Osteonecrosis of the Upper Extremity: MRI-Based Zonal Patterns and Differential Diagnosis.

作者信息

Schmitt Rainer, Kalb K H, Christopoulos G, Grunz J P

机构信息

Department of Radiology, Rhön-Klinikum AG, Bad Neustadt, Germany.
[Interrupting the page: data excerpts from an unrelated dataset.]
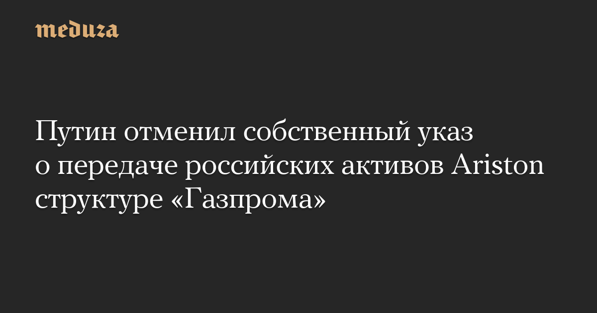 Передать «дочке» «Газпрома» активы ООО «Аристон Термо Русь» Путин распорядился год назад — в апреле 2024 года. Что стало причиной отмены указа, неясно.
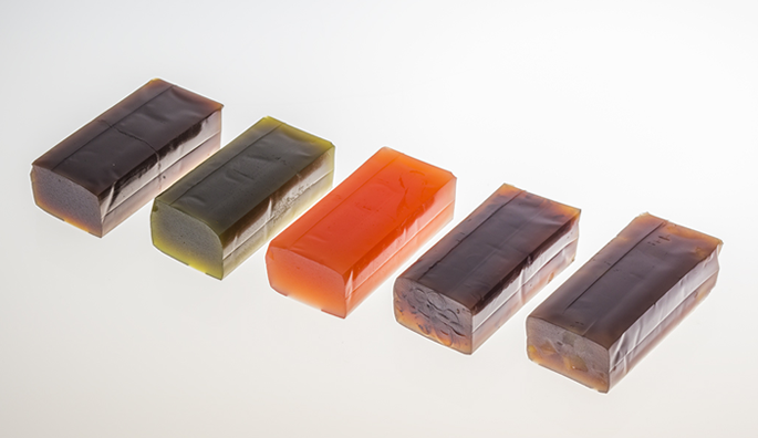 Three layered Sao-gashi (Japanese sweets in the form of long blocks).
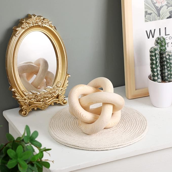 3 Link Wood Knot Decor - Hand Carved Coffee Table Decoration, Boho Chain Link Decor, Modern Shelf, Rustic Objects for Home Living Room Bedroom(Natural)
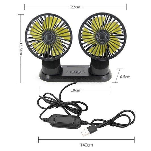 雙頭車用風扇360度 5V汽車USB接口 車用空氣清新機
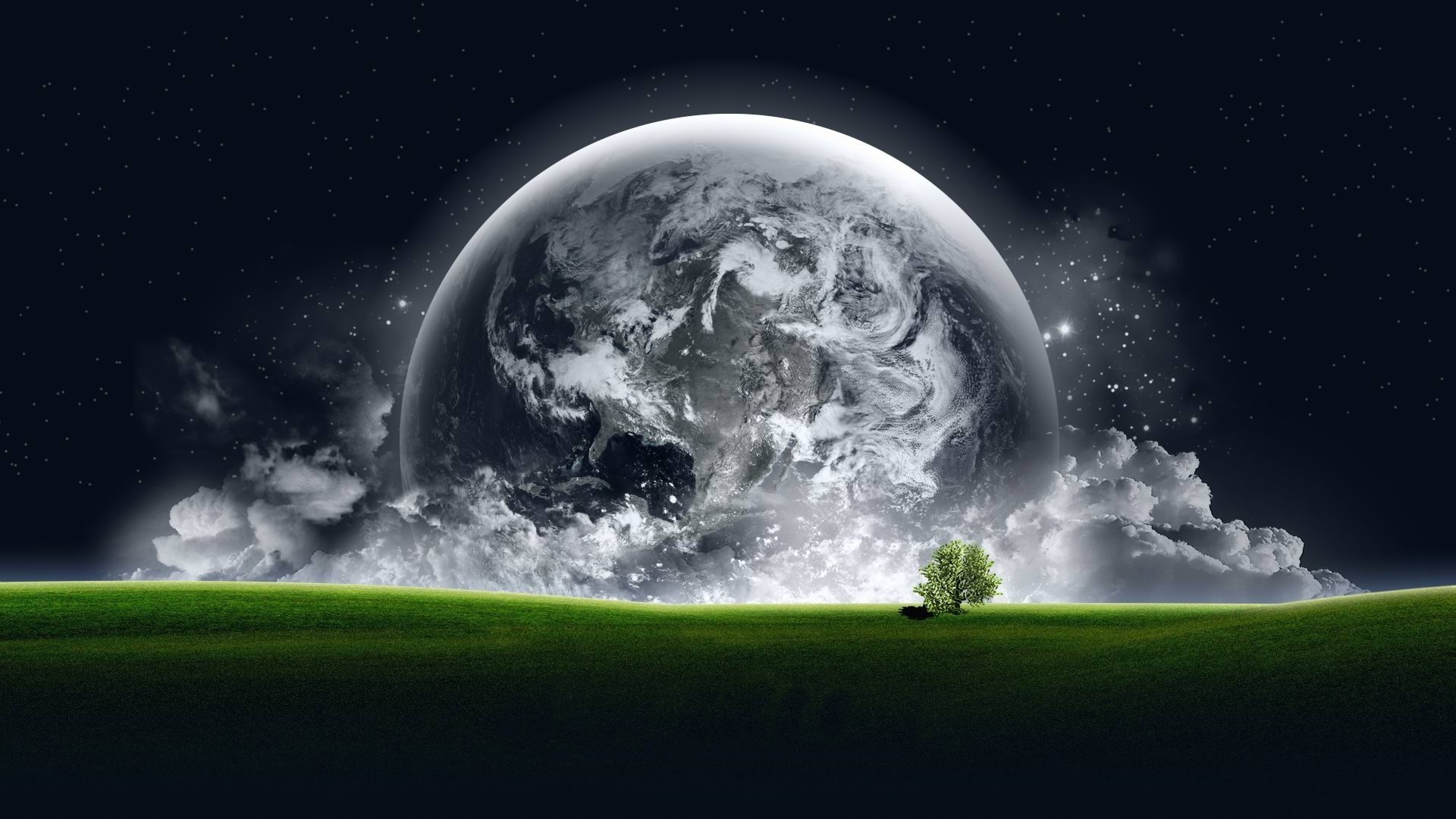Albero solitario sullo sfondo di stelle e Luna

Department of Radiology, University Hospital Würzburg, Würzburg, Germany.

出版信息

Semin Musculoskelet Radiol. 2019 Oct;23(5):523-533. doi: 10.1055/s-0039-1695719. Epub 2019 Sep 25.

Abstract

Regarding the upper extremity, osteonecrosis can relate to the humeral head and to any carpal bone, most commonly the lunate (Kienböck's disease), scaphoid (Preiser's disease and nonunion), and capitate bone (osteonecrosis of the capitate head). In children and adolescents, osteochondrosis is an important differential diagnosis at the epiphyses. Appropriate imaging of osteonecrosis depends on knowledge about blood supply, biomechanical load, and bone repair mechanisms. Contrast-enhanced MRI (ceMRI) enables the differentiation of up to three mostly band-shaped zones: necrotic tissue (proximal), hypervascular repair tissue (intermediate), and viable bone (distal). To distinguish between necrotic and repair zones, intravenous gadolinium is recommended in MRI. Osteosclerosis and insufficiency fractures in early and intermediate stages as well as osteoarthritis in advanced stages are best depicted using high-resolution CT (HRCT). The combination of HRCT and ceMRI allows for exact classification of osteonecrosis regarding morphology and viability.

摘要

关于上肢,骨坏死可累及肱骨头和任何腕骨,最常见的是月骨(Kienböck病)、舟骨(Preiser病和骨不连)和头状骨(头状骨头骨坏死)。在儿童和青少年中,骨软骨病是骨骺处重要的鉴别诊断。骨坏死的适当影像学检查取决于对血供、生物力学负荷和骨修复机制的了解。对比增强磁共振成像(ceMRI)能够区分多达三个主要呈带状的区域:坏死组织(近端)、高血管化修复组织(中间)和存活骨(远端)。为了区分坏死区和修复区,建议在磁共振成像中静脉注射钆。早期和中期的骨质硬化和不全骨折以及晚期的骨关节炎使用高分辨率CT(HRCT)显示最佳。HRCT和ceMRI的联合使用能够对骨坏死的形态和存活情况进行精确分类。